PROVIDED MATERIAL section start

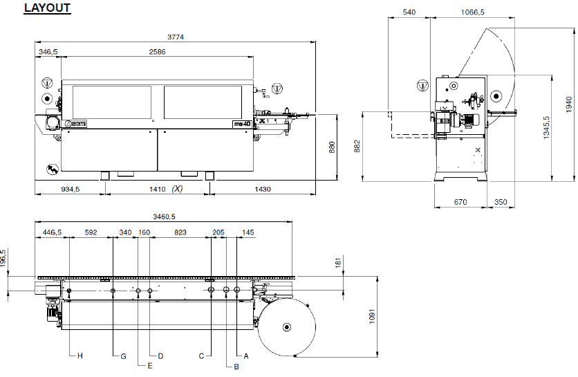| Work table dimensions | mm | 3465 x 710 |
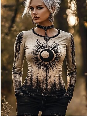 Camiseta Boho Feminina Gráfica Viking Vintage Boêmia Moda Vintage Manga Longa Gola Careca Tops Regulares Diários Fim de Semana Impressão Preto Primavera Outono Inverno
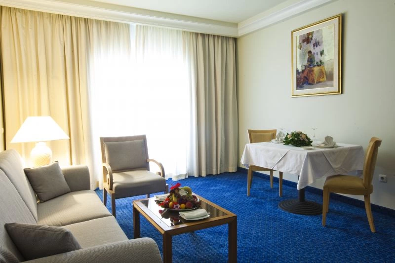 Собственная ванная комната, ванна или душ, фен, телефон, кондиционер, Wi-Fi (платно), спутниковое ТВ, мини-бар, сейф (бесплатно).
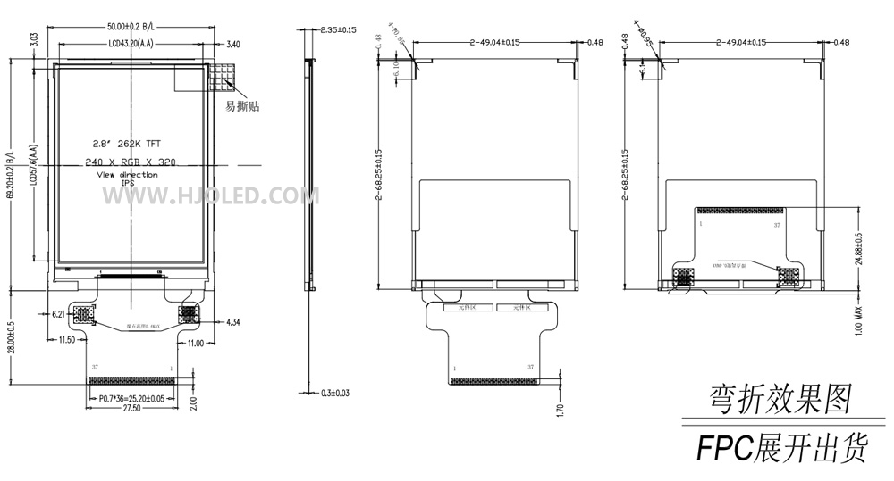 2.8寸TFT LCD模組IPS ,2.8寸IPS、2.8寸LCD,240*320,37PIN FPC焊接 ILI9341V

PROVIDED MATERIAL section end

§ **PROBLEM DETAILS**
Repeat the material above in full and exactly, apart from the pictures.

§ **RESPONSE**
| Work table dimensions | mm | 3465 x 710 |
 Camiseta Boho Feminina Gráfica Viking Vintage Boêmia Moda Vintage Manga Longa Gola Careca Tops Regulares Diários Fim de Semana Impressão Preto Primavera Outono Inverno
 Собственная ванная комната, ванна или душ, фен, телефон, кондиционер, Wi-Fi (платно), спутниковое ТВ, мини-бар, сейф (бесплатно).
 2.8寸TFT LCD模組IPS ,2.8寸IPS、2.8寸LCD,240*320,37PIN FPC焊接 ILI9341V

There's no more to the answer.